● **PROBLEM TO SOLVE**: Upon reaching the line that contains "Power your devices" in the records below, begin repeating every line exactly through the last one, skipping pictures.
── TASK MATERIAL ──
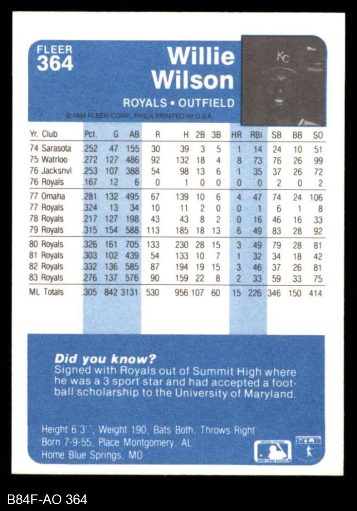 1984 Fleer #364 Willie Wilson 8 - NM/MT
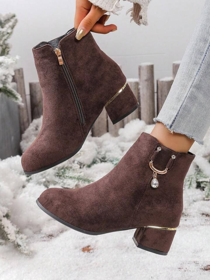 حذاء نسائي قصير باللون البني بكعب متوسط سميك وتصميم بسحاب وقلادة من الكريستال، مثالي للتنسيق مع فستان أسود، عصري وأنيق.
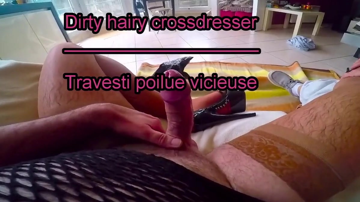Dirty hairy crossdresser make masturbation, sucking and pissing with dirty old hairy man
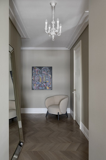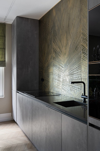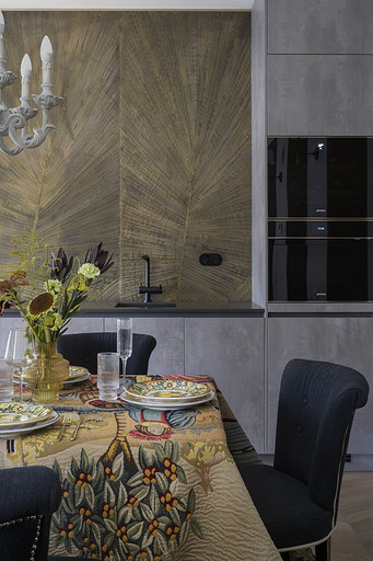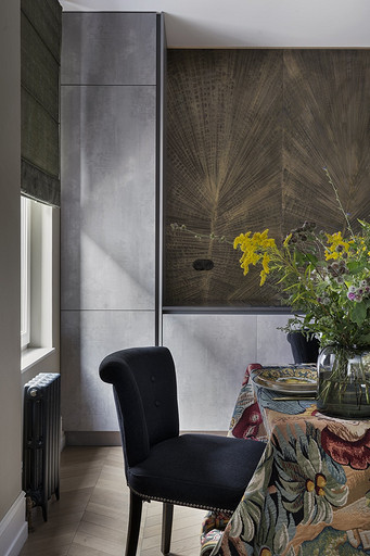 - Стены: краска Manders, панно на кухне Metalli Metal Light
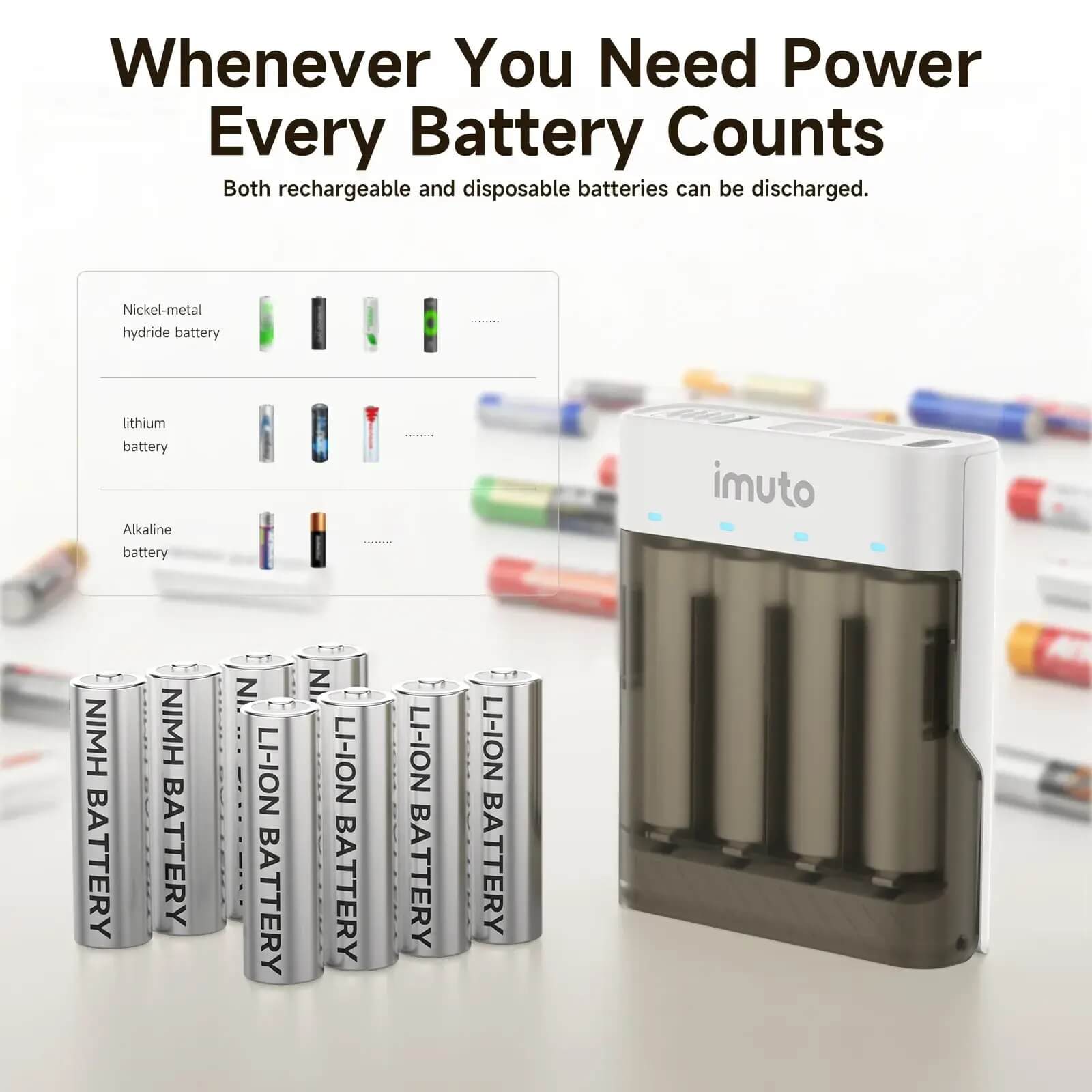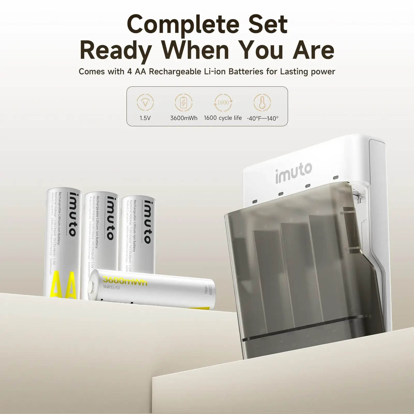 Power your devices with the advanced Imuto 3600mWh AA Rechargeable Battery Kit, designed for performance, reliability, and versatility. This all-in-one solution includes 4 high-capacity lithium batteries and a multifunctional slide power case with USB-C charging and built-in flashlight.
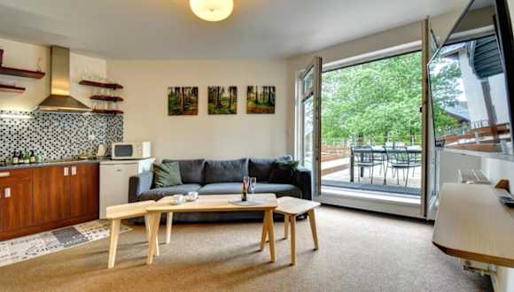 Apartmán Modrá hvězda ist eine Ferienwohnung, die über eine Sauna, einen Garten und eine Terrasse verfügt. Zudem bietet die Unterkunft Bergblick sowie kostenloses WLAN in allen Bereichen. Die Unterkunft wird von einem privaten Gastgeber geführt, und der Check-in ist ab 14:00 bis 19:00 Uhr möglich.
───
● **RESPONSE BOX**:
 Power your devices with the advanced Imuto 3600mWh AA Rechargeable Battery Kit, designed for performance, reliability, and versatility. This all-in-one solution includes 4 high-capacity lithium batteries and a multifunctional slide power case with USB-C charging and built-in flashlight.
 Apartmán Modrá hvězda ist eine Ferienwohnung, die über eine Sauna, einen Garten und eine Terrasse verfügt. Zudem bietet die Unterkunft Bergblick sowie kostenloses WLAN in allen Bereichen. Die Unterkunft wird von einem privaten Gastgeber geführt, und der Check-in ist ab 14:00 bis 19:00 Uhr möglich.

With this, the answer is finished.